**DATA FOR ANALYSIS**:
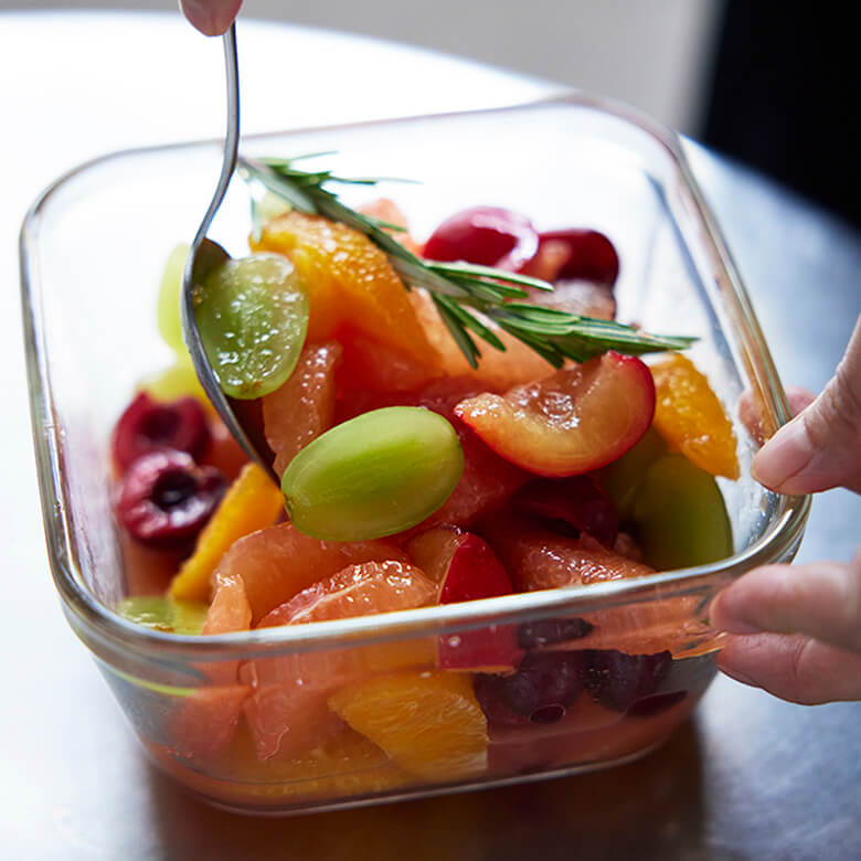 厚みのあるガラスに、シンプルなロゴと飽きのこないホワイトのフタ。食材そのもの色を美しく見せてくれる「食材を主役にする」ガラスコンテナ。 毎日の食事の中で、調理行程での洗い物やゴミを減らす工夫や、食べきれる分だけを作って、残さず食べる習慣など。ガラスコンテナを上手に取り入れて、身近なところから地球にやさしいアクションをはじめてみませんか。
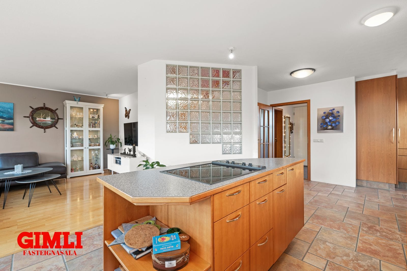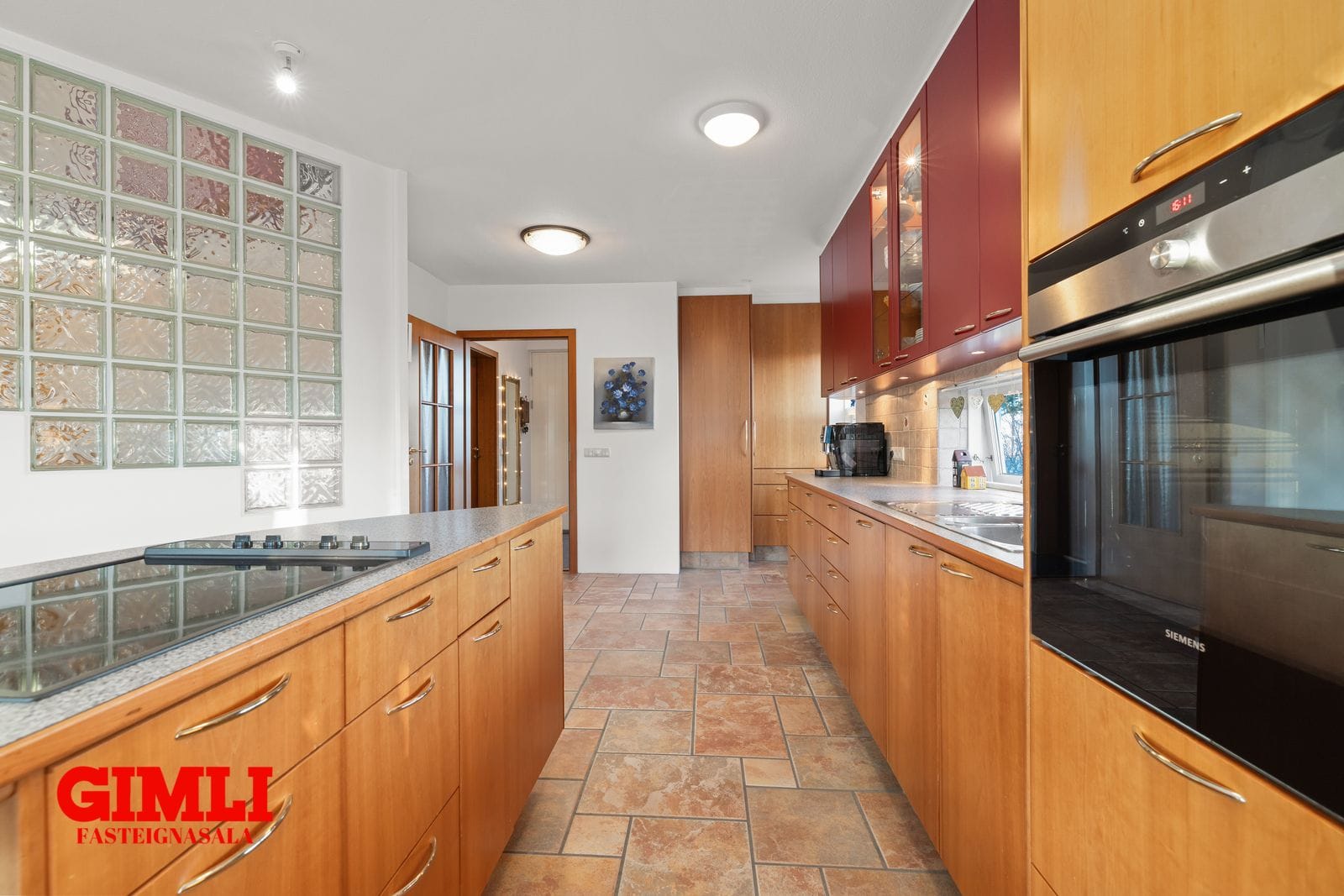 Bílskúr: innangengt úr forstofu. Tengi fyrir þvottavél og innrétting. Lakkað gólf.
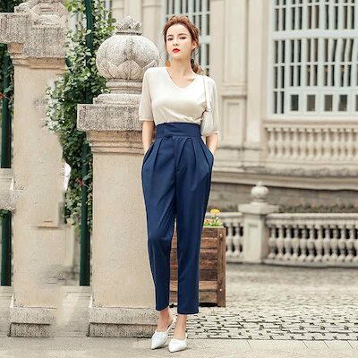 レディース アンクルパンツ クロップド 半端丈 カジュアルパンツ ハイウエスト ボトムス カジュアル キレカジ 大人可愛い きれいめ エレガント おしゃれ お出かけ ビジネス オフィス お仕事コ
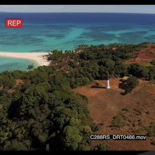 AERIAL of the Madagascar Island and the light house on the Island GOOD LIGHT GREEN
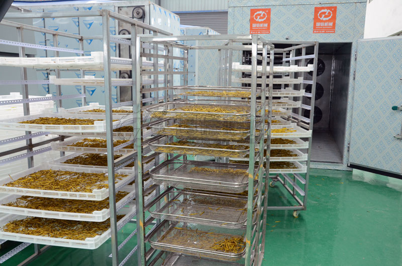 黃花菜別名萱草,又叫金針菜,富含蛋白質、脂肪、鈣、磷、鐵及多種微生素,我國南北方都有栽種。黃花菜采收后要立即進行蒸燙、脫水、干燥。由于黃花菜采收期正值陰雨高溫季節,如只用自然曬干,就會有很多黃花菜因為天氣原因沒有及時烘干,造成品質下降,甚至會發生霉變,造成很大的經濟損失。因此,對黃花菜進行人工干制和選擇合理的干制工藝及干燥設備,對黃花菜生產具有重要的意義。
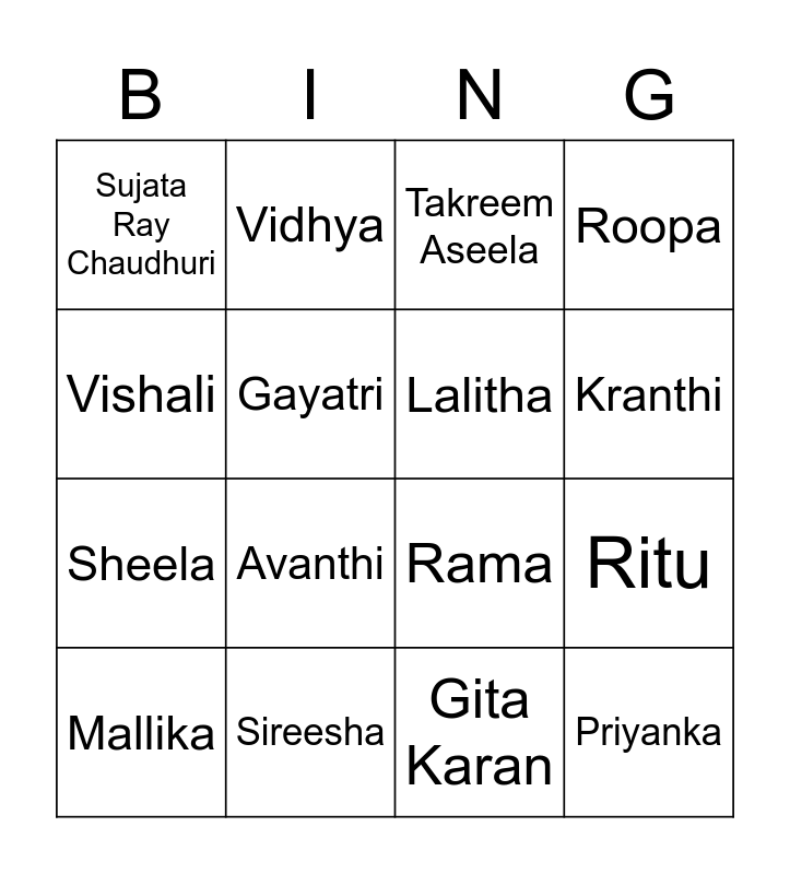 This bingo card has 70 words: Free!, Gita Karan, Jai Karan, Sreelekha, Nitasha Karan, Vasanta, Roopa, Srilakshmi P, Vishali, Swetha Varma, Meenakshi, Shwetha Raj, Sujata Ray Chaudhuri, Takreem Aseela, Vijaya Sree, Ritu, Bhoomika, Sheela, Yasmin, Priyanka, Sireesha, Vijaya lakshmi, Avanthi, Kavitha, Srirupa, Sudha, Rajani, Kavithanjani, Srilakshmi Purna Kumari, Suvarna, Vidhya, Maitreyee, Radhika, Leelavathi, Azmath Unnisa, Jatinder, Uma Bio, Uma math, Nirmala, Gayatri, Venkateswara Reddy, Sainath, Mallika, Neeraja, Sridevi telugu, Lalitha, Sridevi hindi, Rajeshwari, Bharathi, Amandeep, Archana, Shakuntala, Raju, Divya, Usha Madhuri, Ramya, Kranthi, Sai dance, Lorna, Anthony, Rama, Bidisha, Subhashini, Gopanna karate, Venkatesh Scouts, Aravind, Santhosh, Usha admin, Umadevi and Kumara Sai.
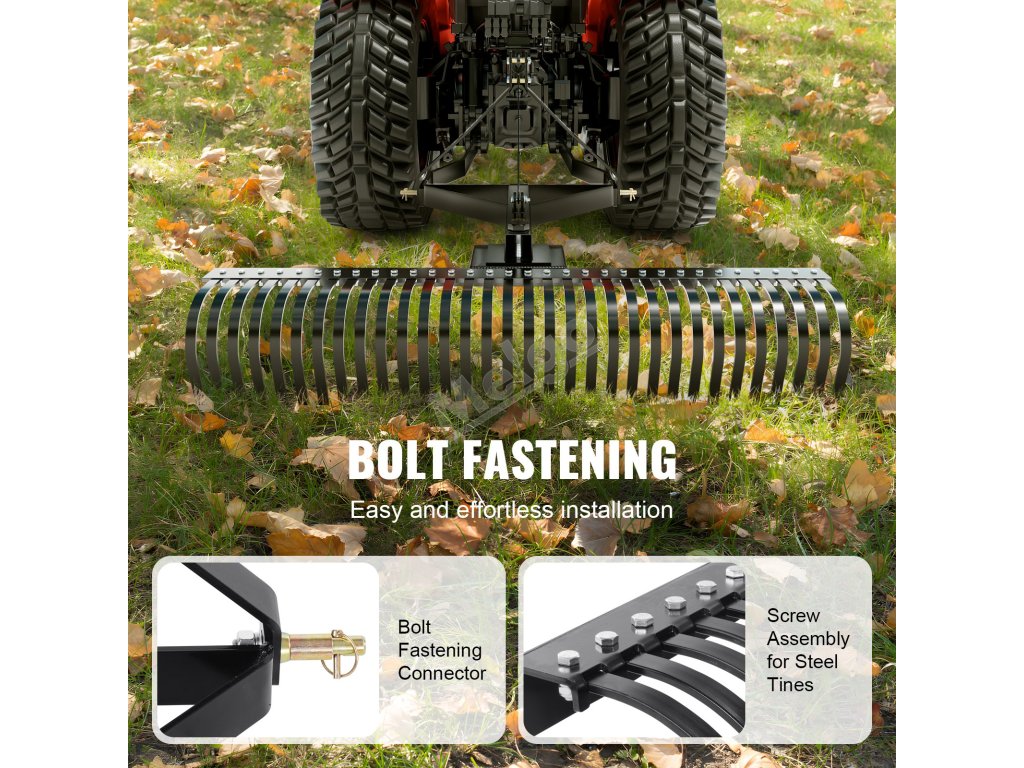 Tento těžký tříbodový vlečný vertikutátor s nástavcem pevně fixuje ocelové hroty k zemi, čímž zajišťuje silnou trakci a účinně odstraňuje plevel z trávníku.
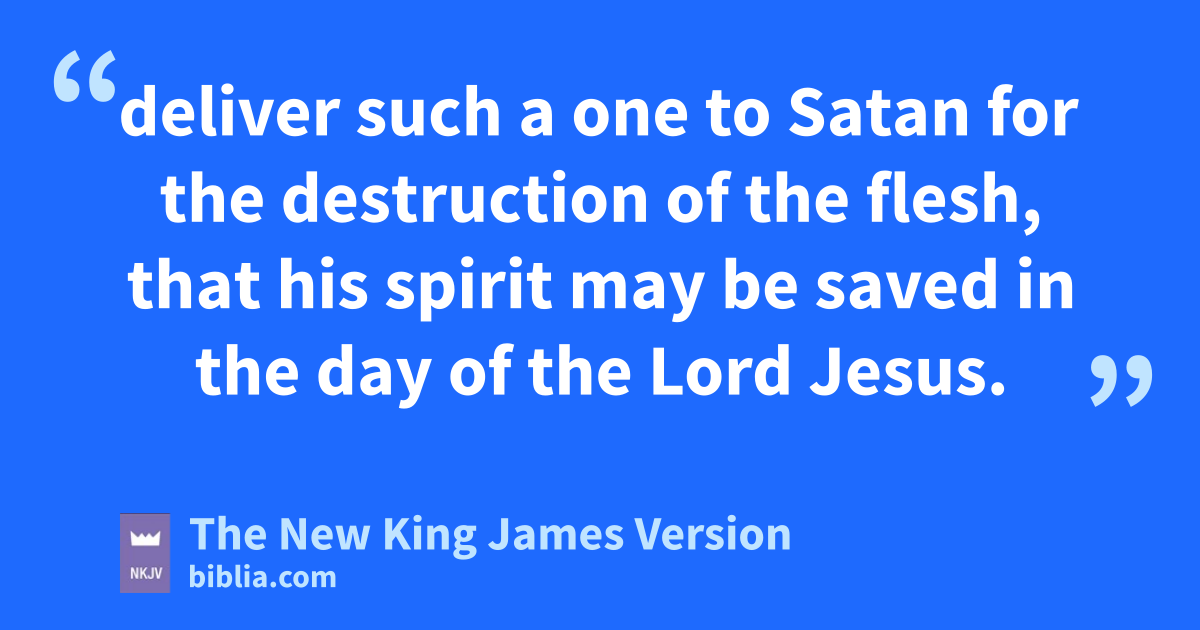 5 It is actually reported that there is sexual immorality among you, and such sexual immorality as is not even 1named among the Gentiles—that a man has his father’s awife! 2 bAnd you are 2puffed up, and have not rather cmourned, that he who has done this deed might be taken away from among you. 3 dFor I indeed, as absent in body but present in spirit, have already judged (as though I were present) him who has so done this deed. 4 In the ename of our Lord Jesus Christ, when you are gathered together, along with my spirit, fwith the power of our Lord Jesus Christ, 5 gdeliver such a one to hSatan for the destruction of the flesh, that his spirit may be saved in the day of the Lord 3Jesus.
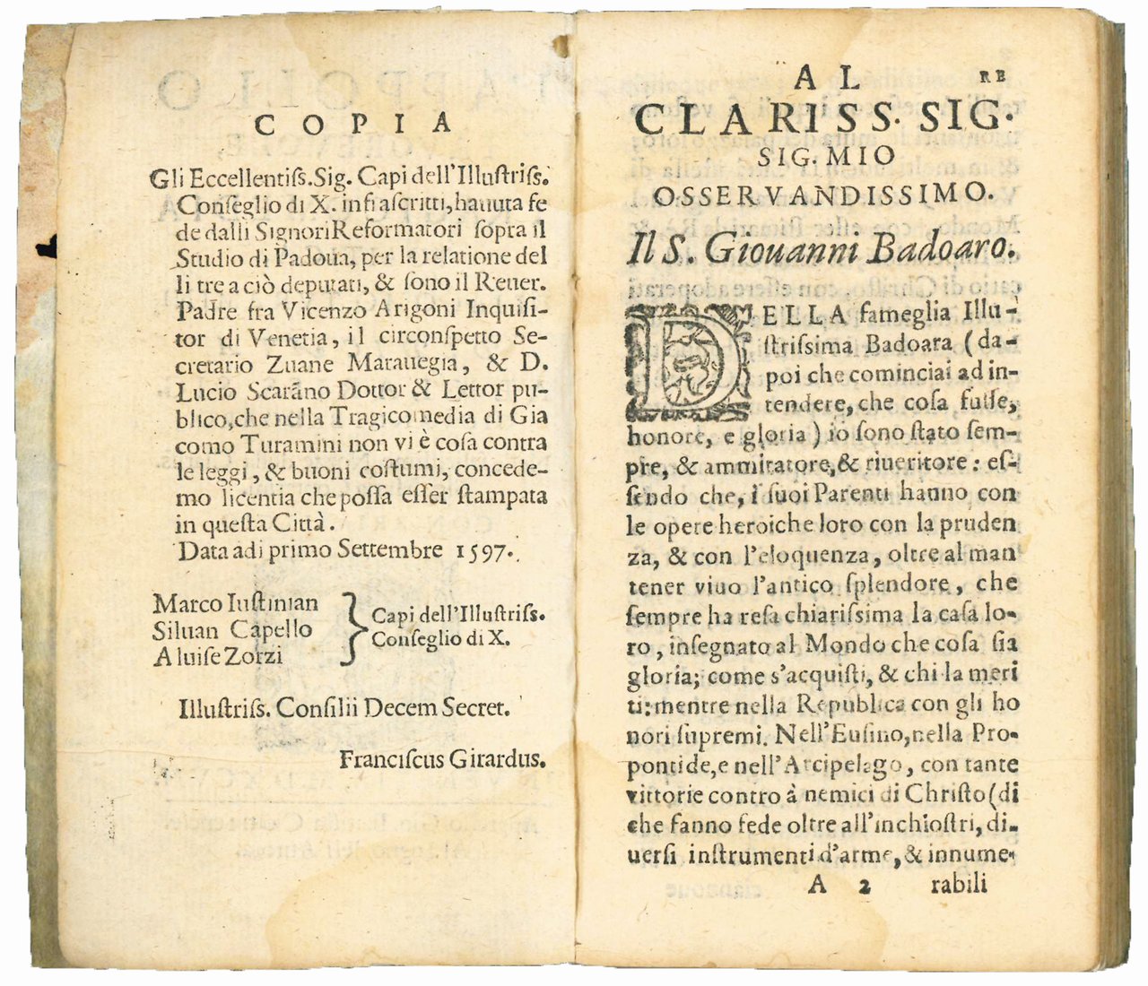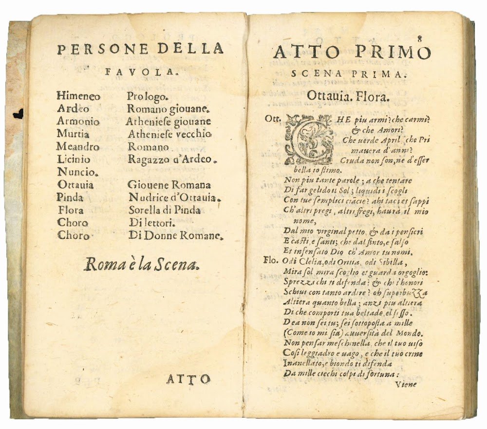 In the dedication, dated Venice, 20 September 1597, the author states that with this play he introduced something new into drama by bringing love stories far away from woods and rivers (i.e., pastoral and piscatorial dramas) and setting them for the first time in a urban landscape (Rome is the scene): “nel prendere argomento io della mia favola, Cittadino, & nell'introdurre Città, e Cittadini, forsi non ho fatto male” (l. A3v) (cf. L. Riccò, Minotauri, centauri, ermfroditi: misti e mostri teatrali italiani, in: “Norme per lo spettacolo, norme per lo spettatore: teoria e prassi del teatro intorno all' ‘Arte Nuevo' ”, G. Poggi & M.G. Profeti, Florence, 2011, p. 89).

**REQUIRED WORK**: Skipping the images, write out the whole listing exactly.

**OUTPUT**:
 厚みのあるガラスに、シンプルなロゴと飽きのこないホワイトのフタ。食材そのもの色を美しく見せてくれる「食材を主役にする」ガラスコンテナ。 毎日の食事の中で、調理行程での洗い物やゴミを減らす工夫や、食べきれる分だけを作って、残さず食べる習慣など。ガラスコンテナを上手に取り入れて、身近なところから地球にやさしいアクションをはじめてみませんか。
 Bílskúr: innangengt úr forstofu. Tengi fyrir þvottavél og innrétting. Lakkað gólf.
 レディース アンクルパンツ クロップド 半端丈 カジュアルパンツ ハイウエスト ボトムス カジュアル キレカジ 大人可愛い きれいめ エレガント おしゃれ お出かけ ビジネス オフィス お仕事コ
 AERIAL of the Madagascar Island and the light house on the Island GOOD LIGHT GREEN
 黃花菜別名萱草,又叫金針菜,富含蛋白質、脂肪、鈣、磷、鐵及多種微生素,我國南北方都有栽種。黃花菜采收后要立即進行蒸燙、脫水、干燥。由于黃花菜采收期正值陰雨高溫季節,如只用自然曬干,就會有很多黃花菜因為天氣原因沒有及時烘干,造成品質下降,甚至會發生霉變,造成很大的經濟損失。因此,對黃花菜進行人工干制和選擇合理的干制工藝及干燥設備,對黃花菜生產具有重要的意義。
 This bingo card has 70 words: Free!, Gita Karan, Jai Karan, Sreelekha, Nitasha Karan, Vasanta, Roopa, Srilakshmi P, Vishali, Swetha Varma, Meenakshi, Shwetha Raj, Sujata Ray Chaudhuri, Takreem Aseela, Vijaya Sree, Ritu, Bhoomika, Sheela, Yasmin, Priyanka, Sireesha, Vijaya lakshmi, Avanthi, Kavitha, Srirupa, Sudha, Rajani, Kavithanjani, Srilakshmi Purna Kumari, Suvarna, Vidhya, Maitreyee, Radhika, Leelavathi, Azmath Unnisa, Jatinder, Uma Bio, Uma math, Nirmala, Gayatri, Venkateswara Reddy, Sainath, Mallika, Neeraja, Sridevi telugu, Lalitha, Sridevi hindi, Rajeshwari, Bharathi, Amandeep, Archana, Shakuntala, Raju, Divya, Usha Madhuri, Ramya, Kranthi, Sai dance, Lorna, Anthony, Rama, Bidisha, Subhashini, Gopanna karate, Venkatesh Scouts, Aravind, Santhosh, Usha admin, Umadevi and Kumara Sai.
 Tento těžký tříbodový vlečný vertikutátor s nástavcem pevně fixuje ocelové hroty k zemi, čímž zajišťuje silnou trakci a účinně odstraňuje plevel z trávníku.
 5 It is actually reported that there is sexual immorality among you, and such sexual immorality as is not even 1named among the Gentiles—that a man has his father’s awife! 2 bAnd you are 2puffed up, and have not rather cmourned, that he who has done this deed might be taken away from among you. 3 dFor I indeed, as absent in body but present in spirit, have already judged (as though I were present) him who has so done this deed. 4 In the ename of our Lord Jesus Christ, when you are gathered together, along with my spirit, fwith the power of our Lord Jesus Christ, 5 gdeliver such a one to hSatan for the destruction of the flesh, that his spirit may be saved in the day of the Lord 3Jesus.
 In the dedication, dated Venice, 20 September 1597, the author states that with this play he introduced something new into drama by bringing love stories far away from woods and rivers (i.e., pastoral and piscatorial dramas) and setting them for the first time in a urban landscape (Rome is the scene): “nel prendere argomento io della mia favola, Cittadino, & nell'introdurre Città, e Cittadini, forsi non ho fatto male” (l. A3v) (cf. L. Riccò, Minotauri, centauri, ermfroditi: misti e mostri teatrali italiani, in: “Norme per lo spettacolo, norme per lo spettatore: teoria e prassi del teatro intorno all' ‘Arte Nuevo' ”, G. Poggi & M.G. Profeti, Florence, 2011, p. 89).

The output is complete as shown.